An example, is **sentiment classification.** 
If a classifier is trying to decide if the sentence “this is a lousy car” carries a positive or negative connotation, both the positive and negative classes would both carry words like “this”, “is” and “a” – which are all common English words. By chance, it could happen that one class just carries a lot more of the common English terms than the other class. This can potentially draw the classifier into selecting the class with a higher occurrence of the common English words. Thus, the stop words in this case can be distracting and can prevent a model from deciding on the correct class membership. Eliminating these common terms can do two things for the classifier: (1) learning can become much faster, since you are reducing the the total number of features in use and (2) prediction can become more accurate since you are eliminating “noise” or distracting features.

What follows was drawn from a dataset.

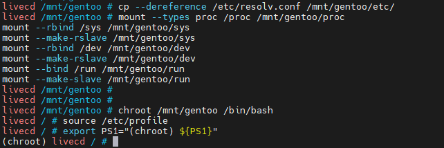 cp --dereference /etc/resolv.conf /mnt/gentoo/etc/

**Possible negative impacts of using published set of stop words**

While it is fairly easy to use a published set of stop words, in many cases, using such stop words is completely insufficient for certain applications. For example, in clinical texts, terms like “mcg” “dr.” and “patient” occur almost in every document that you come across. So, these terms may be regarded as potential stop words for clinical text mining and retrieval. Similarly, for tweets, terms like “#” “RT”, “@username” can be potentially regarded as stop words. The common language specific stop word list generally DOES NOT cover such domain specific terms.

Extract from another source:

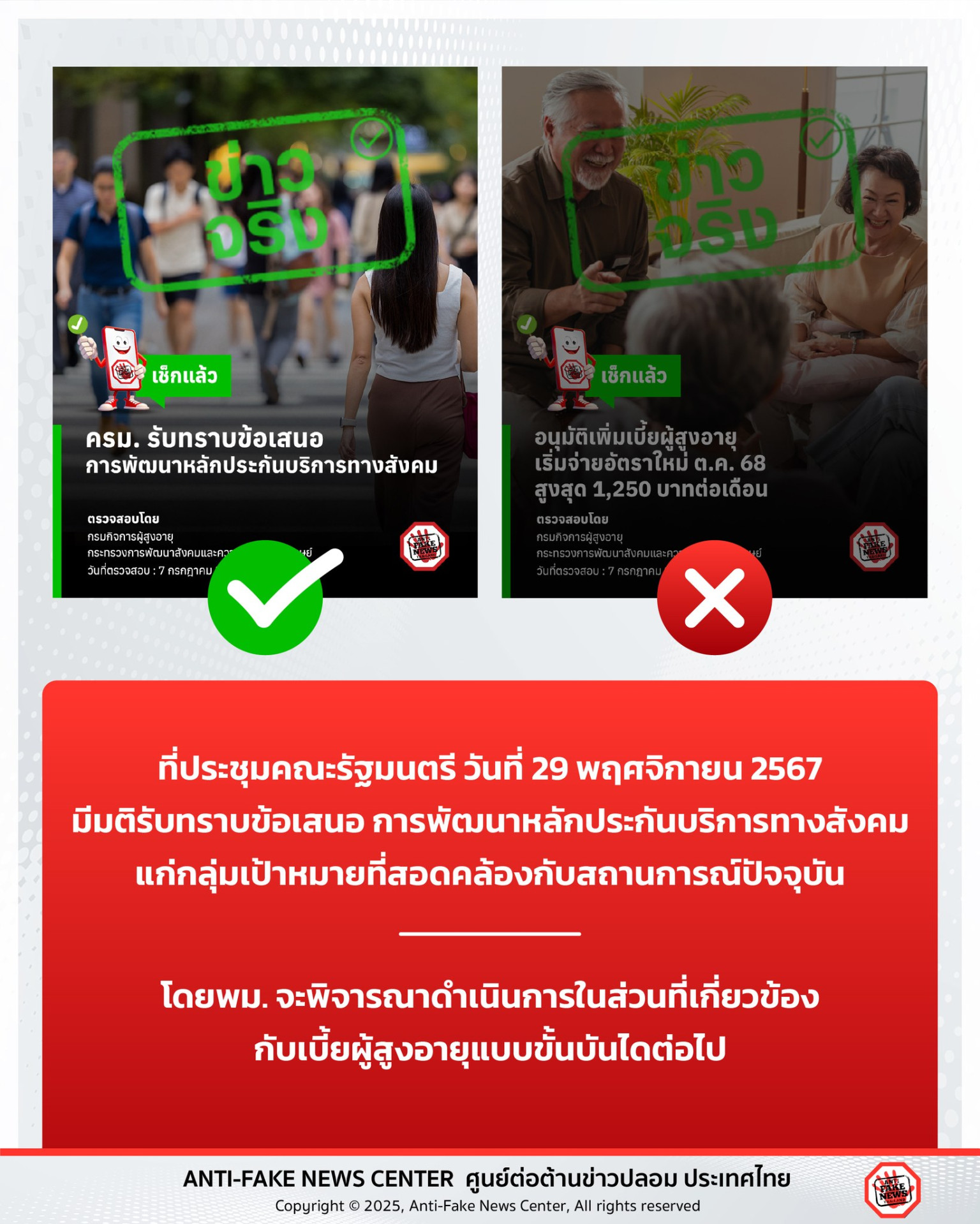 3. เมื่อวันที่ 4 กรกฎาคม 2568 เวลา 17.33 น. ทางศูนย์ฯ ได้รับข้อมูลจากกรมกิจการผู้สูงอายุ ดังนี้ "เนื่องจากมีการเผยแพร่ข่าวในสื่อออนไลน์ เรื่อง ครม. อนุมัติเพิ่มเบี้ยผู้สูงอายุ เริ่มจ่ายอัตราใหม่ ตุลาคม 2568 สูงสุด 1,250 บาทต่อเดือน จากการตรวจสอบพบว่า เป็นข่าวจริง เนื่องจากที่ประชุมคณะรัฐมนตรี วันที่ 29 พฤศจิกายน 2567 ได้รับทราบข้อเสนอ การพัฒนาหลักประกันบริการทางสังคมแก่กลุ่มเป้าหมายที่สอดคล้องกับสถานการณ์ปัจจุบัน ตามที่คณะกรรมการส่งเสริมการจัดสวัสดิการสังคมแห่งชาติ (ก.ส.ค.) เสนอ"

> **d)** Recreate the term-document matrix in exercise (a) after using stopwords for the words (and, are, the, to).  What do you see now in the resulting tdm?

In [13]:
vect = TfidfVectorizer(stop_words={'and','are','the','to'})
TFIDF1 = pd.DataFrame(vect.fit_transform(simple_train).toarray(), columns=vect.get_feature_names())
TFIDF1

Unnamed: 0,bob,brothers,closed,john,store,too,was,went
0,0.517856,0.680919,0.0,0.517856,0.0,0.0,0.0,0.0
1,0.0,0.0,0.427554,0.325166,0.650331,0.0,0.427554,0.325166
2,0.459854,0.0,0.0,0.0,0.459854,0.604652,0.0,0.459854


tf increases if the number of words in the document decrease. idf is constant for a word. So tfidf for a word which is product of tf and idf also increases with increase in tf, thus observed in the above matrix.